Confronting a Fractured Future: Key Takeaways from the World Economic Forum’s Global Risks Report 2021

The World Economic Forum’s (WEF) annual Global Risks Report — produced with the support of Marsh McLennan and other strategic partners — offers useful guidance on major risks facing businesses, governments, and other organizations globally. Derived from surveys and deeper explorations of a number of short-, medium-, and long-term dangers, the annual report is intended to help risk professionals and senior executives identify critical threats and build greater resilience.

This year’s report arrives at a time of great uncertainty for the global economy. While the ultimate impact of COVID-19 remains unknown, the report explores the pandemic’s massive effects on people and businesses, including the likely significant long-term implications it will have for health systems, workplaces, economies, and societies. At the same time, climate change remains an ever-present threat.

The Global Risks Report 2021 also highlights four accelerating threats:

  • A disorderly industrial shakeout. The growing power and influence of nation-states, market concentration in the technology sector, and social license challenges from key stakeholders are three critical risk drivers for global businesses. While governments continue to respond to the crisis and conditions for businesses remain volatile and dynamic, avoiding a disorderly industrial shakeout will be critical to long-term sustainability and resilience.
  • A lack of digital inclusivity. The accelerated push for technology implementations is helping many organizations overcome pandemic challenges, but also exacerbating existing inequalities between individuals — and creating new ones. Progress towards greater digital inclusivity is threatened not just by growing digital dependency and automation, but by regulatory uncertainty and the suppression and manipulation of information.
  • Middle powers in a divided world. Non-superpower G20 nations face a number of potential challenges in navigating the tensions between the US and China, including growing pressure to align with one or the other on trade, security, and technology. Opportunities for multilateral collaboration may suffer as a result.
  •  Youth in an age of lost opportunity. Already exposed to environmental degradation, rising inequality, varying degrees of violence, and disruption from industrial transformation, young adults worldwide are experiencing their second major global crisis in a decade. The risk of “youth disillusionment” — which may become a critical threat in the short term — is being largely neglected.
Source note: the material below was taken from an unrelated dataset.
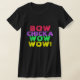 Black fitted V-neck, saying "bow chicka wow wow!" Bow is pink, chicka is purple, wow is green, wow! is yellow
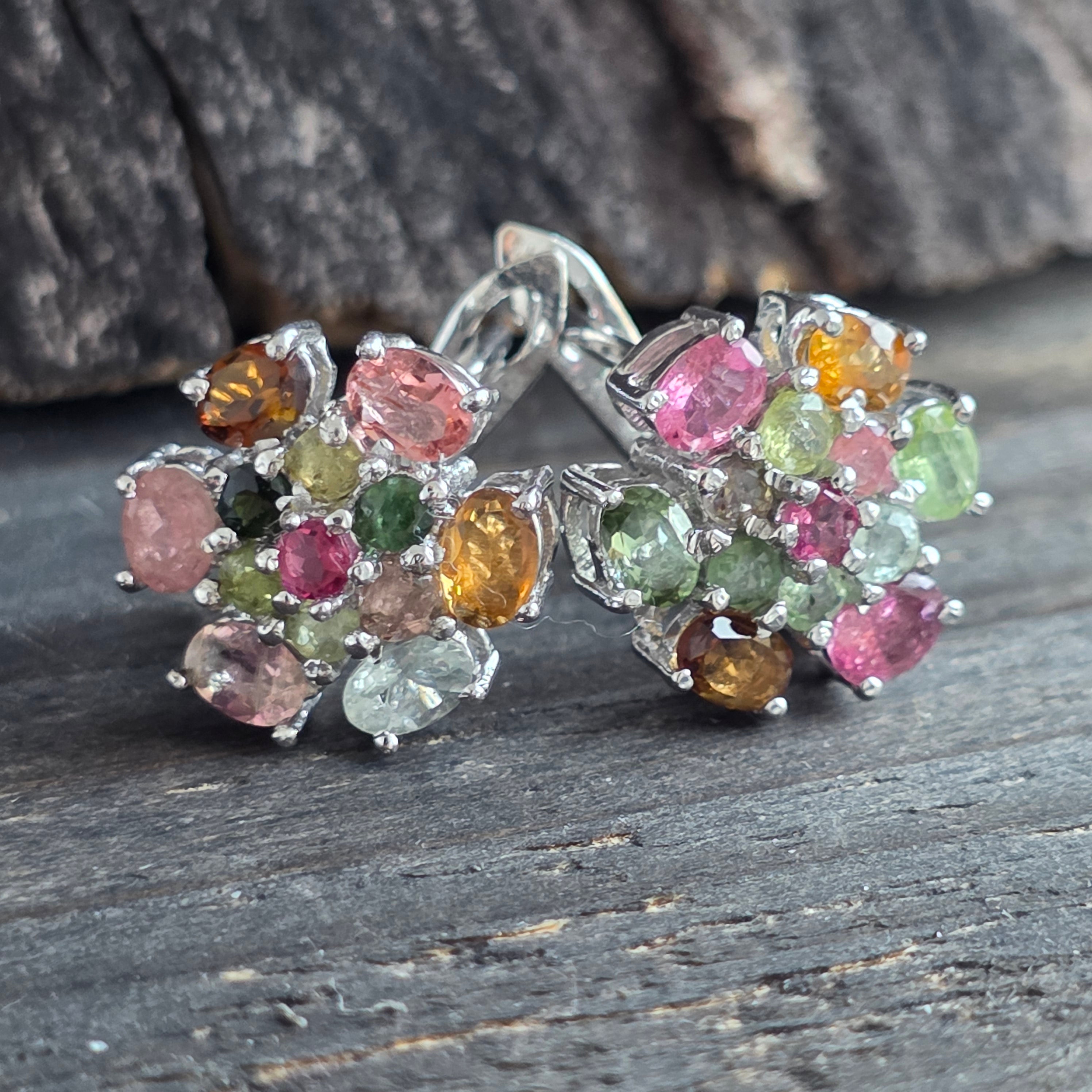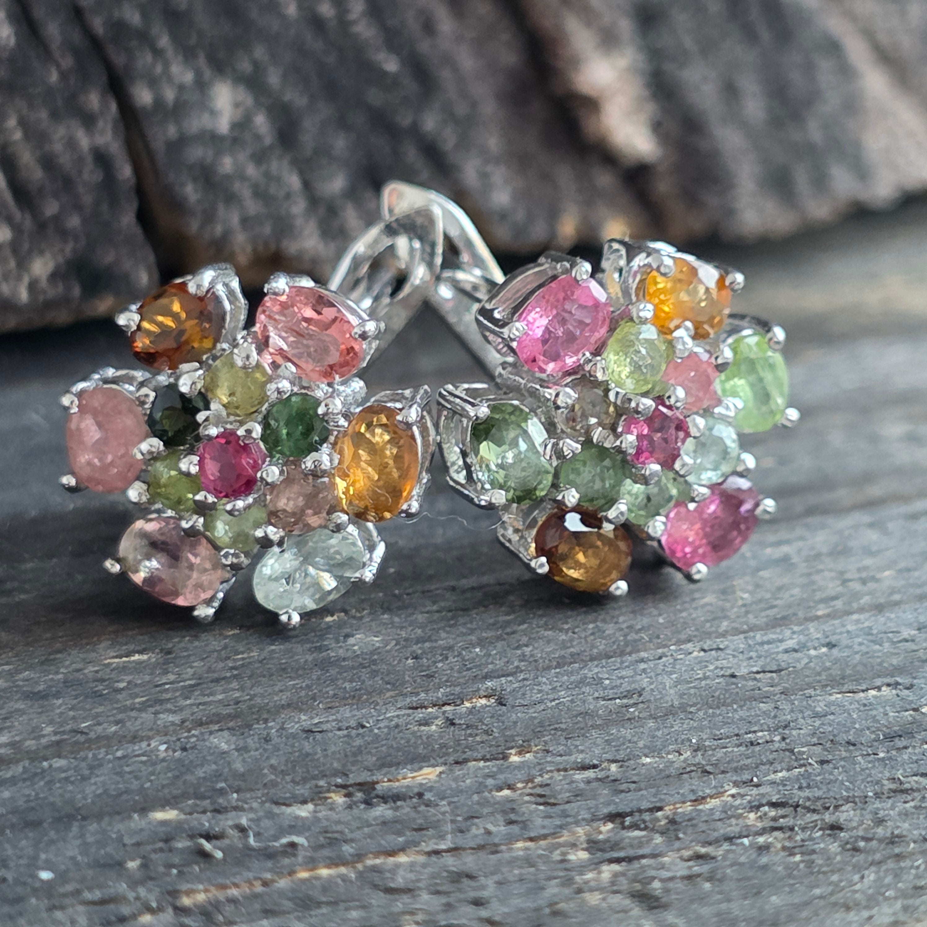 Αυτά τα σκουλαρίκια είναι φτιαγμένα από στερεό ασήμι 925,επικαλυμμένο με ρόδιο για μακρά διάρκεια λάμψης και προστασία από την οξείδωση. Ο λεπτός τους σχεδιασμός, σε μορφή φλοράλ συστάδας, συνδυάζει προσεκτικά κομμένες πολύχρωμες τουρμαλίνες σε οβάλ και στρογγυλά σχήματα,δημιουργώντας ένα αρμονικό παιχνίδι αποχρώσεων – από ροζ και πράσινο, έως κίτρινο και ζεστούς γήινους τόνους.

In the face of these and other systemic risks, it’s vital that businesses focus on resilience. Among other steps, businesses should:

  1. Review and revise their approach to workforce safety and productivity.
  2. Anticipate the intensifying operational, ethical, regulatory, and workforce-related risks due to rapid digitalization.
  3. Recognize the structural changes in the national environment that they operate in and anticipate their own changes in response.
  4. Anticipate the operational and reputational risks that may arise as popular scrutiny continues to mount globally.
  5. Avoid losing sight of threats from climate change and continue to critically analyze climate-related risks.
  6. Appreciate the potential for “forgotten risks” that are low in probability but potentially catastrophic in their impacts.